OpenAI now enables the generation of videos based on spoken instructions.

OpenAI, a prominent figure in artificial intelligence, unveiled a novel AI model named Sora. According to the company, Sora boasts the capability to produce 60-second videos described as both “realistic” and “imaginative” based on concise text prompts.

In a recent blog announcement, OpenAI highlighted that Sora has the capacity to craft videos of up to one minute in duration guided by textual instructions. It can proficiently depict scenes featuring multiple characters, specific types of movement, and intricate background elements.

The blog post emphasized, “The model not only comprehends the user’s prompt but also grasps how those elements manifest in the tangible world.”

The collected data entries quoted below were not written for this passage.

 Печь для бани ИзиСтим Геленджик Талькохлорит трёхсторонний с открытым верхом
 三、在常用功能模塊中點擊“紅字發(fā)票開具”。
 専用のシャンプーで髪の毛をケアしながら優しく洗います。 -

OpenAI has announced its intention to train AI models to assist in solving real-world problems involving human interaction. This represents the company’s latest endeavor following the success of ChatGPT, a widely recognized chatbot, in advancing the field of generative AI. While “multi-modal models” and text-to-video models already exist, what distinguishes this effort, according to Reece Hayden, a senior analyst at ABI Research, is the claimed length and accuracy of OpenAI’s Sora.

Hayden suggests that such AI models could significantly impact digital entertainment markets by delivering personalized content across various platforms. One potential application is in television, where short scenes could complement narratives. However, Hayden notes that the model still has limitations, indicating the evolving nature of the market.

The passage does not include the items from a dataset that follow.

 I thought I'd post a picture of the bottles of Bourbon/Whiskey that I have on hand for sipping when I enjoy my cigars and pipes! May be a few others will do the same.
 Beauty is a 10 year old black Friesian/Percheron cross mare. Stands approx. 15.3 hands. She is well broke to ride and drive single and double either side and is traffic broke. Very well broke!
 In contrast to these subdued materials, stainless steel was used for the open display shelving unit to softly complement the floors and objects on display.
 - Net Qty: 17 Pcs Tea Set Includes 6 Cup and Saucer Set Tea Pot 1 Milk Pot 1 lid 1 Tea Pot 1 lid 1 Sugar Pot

OpenAI acknowledges that Sora is a work in progress with noticeable “weaknesses,” such as inaccuracies in spatial details and cause-and-effect relationships. For instance, it may struggle to depict the aftermath of actions accurately, like showing a bite mark after someone takes a bite out of a cookie.

Emphasizing safety, OpenAI plans to collaborate with experts to evaluate Sora for potential harms or risks, particularly concerning misinformation, hateful content, and bias. The company is also developing tools to detect misleading information. Initially, Sora will be accessible to cybersecurity professionals and creative individuals to gather feedback on its potential applications.

This update coincides with OpenAI’s ongoing advancements in ChatGPT. Recently, the company announced testing a feature that allows users to control ChatGPT’s memory, enabling personalized future conversations or the option to forget previous discussions.